Code Agents have achieved remarkable advances in recent years, exhibiting strong capabilities across a wide range of software engineering tasks. However, their misuse often produces bloated and disorganized code that impairing readability, extensibility, and robustness. Despite this risk, existing benchmarks largely evaluate functional correctness rather than long-term maintainability of code agents. In this paper, we propose SmellBench, an extensible code refactoring benchmark that proactively injects code smells into clean code snippets from real-world repositories. This design enables the generation of controlled, high-quality, and diverse refactoring cases with human-written ground truth. Specifically, it contains 294 cases spanning 7 popular smell types, 3 difficulty levels, 2 instruction settings across 7 real-world repositories. We further design 3 evaluation aspects covering functional correctness, localization ability, and refactoring quality assessment. Experiments with 2 popular agents and 6 large langauge models (LLMs) show that the best combination - Qwen Code + Claude Sonnet 4.5 - achieved only a 50.34 score of smell elimination. Further analysis reveals that this gap arises from a focus on local code smells and a lack of cross-file understanding, which hinders comprehensive smell elimination.

Editorial analysis

A structured set of objections, weighed in public.

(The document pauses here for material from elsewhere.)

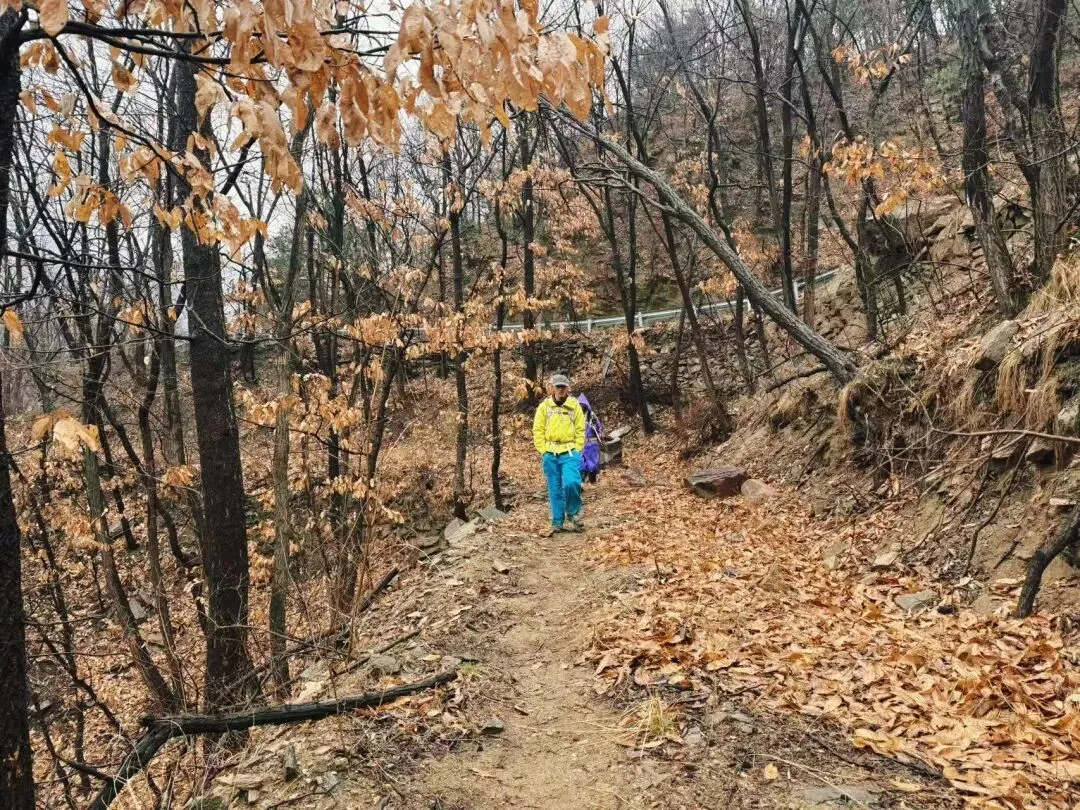 16点,走完盘山路,切入最后一段丛林小路,又是完全不同的风景,我们仿佛从冬天走进春天,又走进了秋天

Desk editor's note, referee report, simulated authors' rebuttal, and a circularity audit. Tearing a paper down is the easy half of reading it; the pith above is the substance, this is the friction.

Referee Report

3 major / 2 minor

Summary. The paper introduces SmellBench, a benchmark for evaluating code agents on refactoring by proactively injecting 7 code smell types into clean snippets drawn from 7 real-world repositories, yielding 294 cases with 3 difficulty levels, 2 instruction settings, and human-written ground truth. It defines three evaluation aspects (functional correctness, localization, refactoring quality) and reports experiments on 2 agents and 6 LLMs, with the best result (Qwen Code + Claude Sonnet 4.5) reaching a 50.34 smell-elimination score; the performance gap is attributed to agents focusing on local smells and lacking cross-file understanding.

Significance. If the injected-smell cases and ground truth are shown to be faithful proxies for real maintainability issues, the benchmark would fill a gap by shifting evaluation from functional correctness to long-term code quality, offering a controlled testbed for refactoring capabilities in code agents.

major comments (3)
  1. [Benchmark construction] Benchmark construction (abstract and § on SmellBench design): the claim that proactive smell injection 'enables the generation of controlled, high-quality, and diverse refactoring cases with human-written ground truth' lacks any described validation that (a) the 7 injected smell types match smells that developers actually refactor in practice, (b) the human ground truth represents the minimal or correct fix, or (c) the resulting cases exhibit the claimed diversity in maintainability impact.
  2. [Experiments and analysis] Experiments and analysis (abstract and results section): the attribution of the 50.34 score gap to 'a lack of cross-file understanding' is unsupported because the paper does not report what fraction of the 294 cases actually require cross-file context (snippets are drawn from repositories, but no statistics on multi-file dependencies or cross-file smell interactions are provided).
  3. [Evaluation metrics] Evaluation metrics (abstract): the headline '50.34 score of smell elimination' is presented without details on its exact definition, aggregation across the three evaluation aspects, variance across runs, or statistical significance, making it impossible to assess whether the reported performance difference is robust.
minor comments (2)
  1. [Abstract] Abstract contains a typo: 'large langauge models' should be 'large language models'.
  2. [Abstract] Abstract sentence 'their misuse often produces bloated and disorganized code that impairing readability' has a grammatical error ('that impairing' should be 'that impairs').

Simulated Author's Rebuttal

3 responses · 0 unresolved

We thank the referee for the constructive and detailed feedback. We address each major comment point by point below, with clear indications of planned revisions.

read point-by-point responses
  1. Referee: [Benchmark construction] Benchmark construction (abstract and § on SmellBench design): the claim that proactive smell injection 'enables the generation of controlled, high-quality, and diverse refactoring cases with human-written ground truth' lacks any described validation that (a) the 7 injected smell types match smells that developers actually refactor in practice, (b) the human ground truth represents the minimal or correct fix, or (c) the resulting cases exhibit the claimed diversity in maintainability impact.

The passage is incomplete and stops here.